We have, thank the good Lord, recently passed out of the board book/Little Golden Book stage with our older son, and reading with him has become, finally, something to be enjoyed rather than endured.

We have some good audio books lined up for this winter: Harry Potter, Lemony Snicket, How to Train Your Dragon. I might stick a few of my childhood favourites in there too: Little House on the Prairie, The Boxcar Children, My Side of the Mountain.

The older kid stays quiet, and the three-year-old is… working on it. (Random: My seven-year-old also inexplicably likes radio talk show Car Talk – he laughs when they laugh. So don’t be afraid to put on your favourite grown-up podcasts and hope for the best.)

Play

The second line of defence: Games. For the three-year-old, we stick with I Spy, but the older one can manage Botticelli, a two-way guessing game that is far less boring for grown-ups than our old standby of 20 Questions.

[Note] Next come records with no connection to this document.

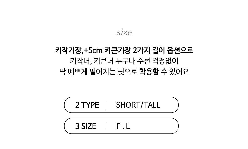 사이즈는 키작/키큰 F,L로 구성되어 있습니다.
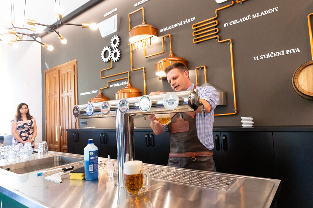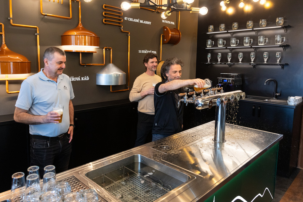 Jannis Samaras křtí výčepní pult v návštěvnickém centru, nalevo sládek pivovaru Holba Luděk Reichl
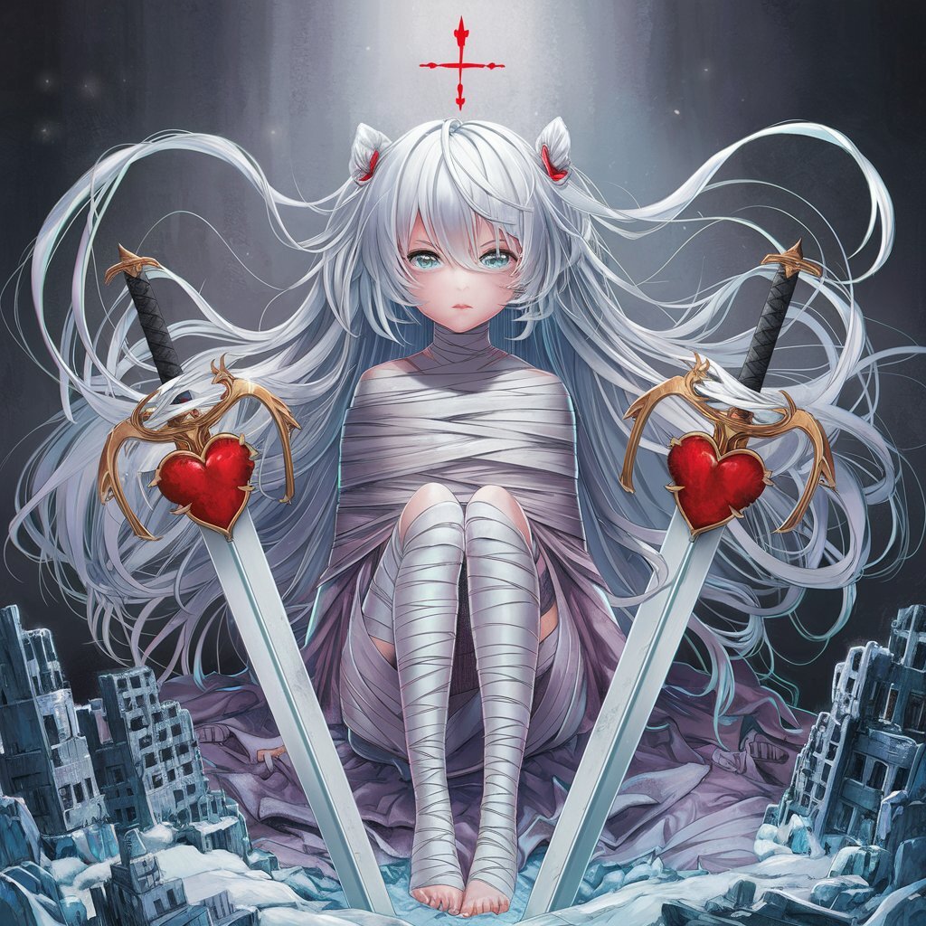 目の前には、俺に後ろ姿を見せ、契約をルネヨー・フラックシスに済ませてから精霊術学院に帰って来てからのいつもの制服姿で顕現してきた【真体姿トゥルー=フォーム】の髪型がクラウン型なイーズじゃなくて、髪が自由に長髪になって伸ばされ、最初にあった時の全身を包帯に薄く巻かれていて白い肌もところどころ覗かせてるその幼いながらも妖艶っぽい恰好をしているイーズベリアになったんだが、それを更に豪華な姿として頭の上には小さな赤い色の十字架が浮かんでいて、そしてその両手に持ってるのは豪華な形している対となってるブロードソードのような大剣を軽々しく片手で握り持っているイーズベリアがいるのだ!
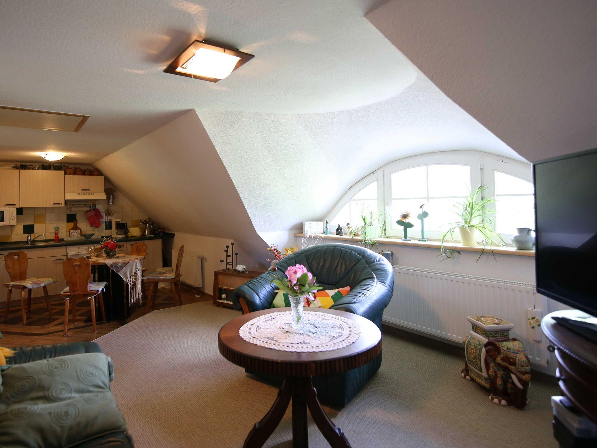 Die Ferienwohnung im Obergeschoss ist komfortabel ausgestattet und hat einen separaten Eingang. Auf ca. 90 qm befinden sich Schlaf- und Wohnraum. Eine offene Küche und Aufbettungsmöglichkeit sowie ein Badezimmer. Der Garten kann mitgenutzt werden.
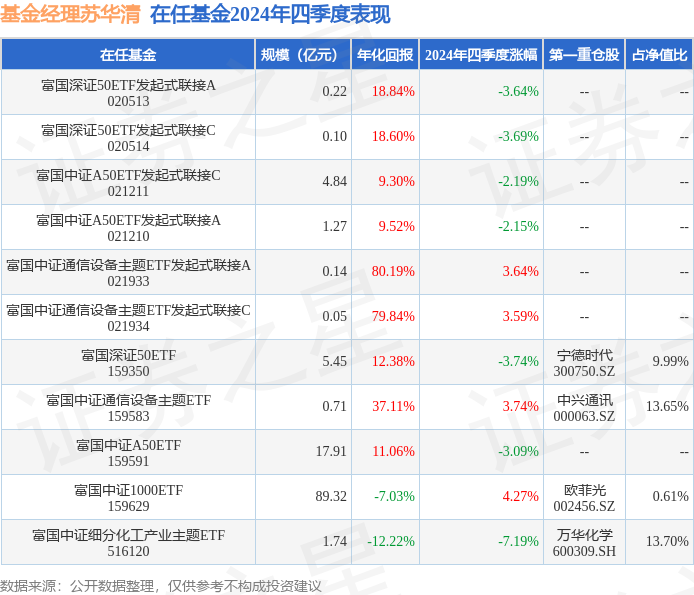 证券之星消息,日前富国深证50ETF基金公布四季报,2024年四季度最新规模5.45亿元,季度净值涨幅为-3.74%。
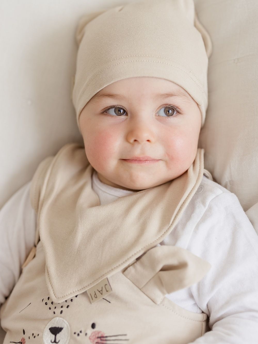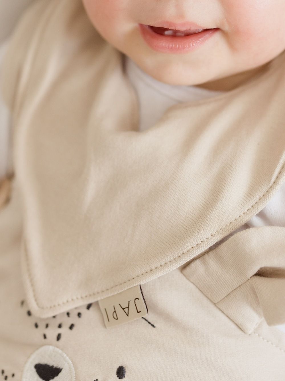 Slinček jednostavno kopčom pričvrstite oko vrata djeteta. Zaštitit će odjeću već tijekom prvih obroka ili na početku samostalnog hranjenja.

If the kids nap, grown-ups play a game we invented called “Worst Jobs”, in which you name a friend or acquaintance and describe the worst possible job for them; for example, for a very chatty but rather unfocused friend: Assembly-line worker.

Sing

So kids’ music can be numbing. I have made it my mission to find music that I, a Gen-Xer, can enjoy along with a seven-year-old and a three-year-old. It’s hit or miss, but I’ve managed to compile a playlist that gets us through at least an hour or so of travel time. (Why they like these songs and not others, I don’t know – I think it has as much to do with some kind of narrative catchiness as anything. I myself remember loving “Poor Poor Pitiful Me” as a child because I thought the line about the Waring blender was hilarious.)

Obviously, your song mileage may vary! But in case this is helpful to you, here’s my long weekend mix tape for our traffic jam:

Poor, Poor, Pitiful Me” by Linda Ronstadt

Starfish and Coffee” by Prince

Down Under” by Men at Work

Money for Nothing” by Dire Straights

I’m Gonna Sleep With One Eye Open” by Dolly Parton

I Get Around” by the Beach Boys

Papa Don’t Preach” by Madonna

I am the Walrus” by the Beatles

Charlie on the MTA” by the Kingston Trio (train song)

Leaving on Jet Plane” by Peter, Paul and Mary (plane song)

Rock Me Amadeus” by Falco

Walk Like an Egyptian” by the Bangles

Moses Supposes” from the Singing in the Rain soundtrack; warning: They will keep singing this forever

Six Days on the Road” by the Flying Burrito Brothers (truck song)

Rock Island Line” by Dan Zanes (train song)

Nashville Blues” by the Louvin Brothers (kind of like a round, fun for kids to sing)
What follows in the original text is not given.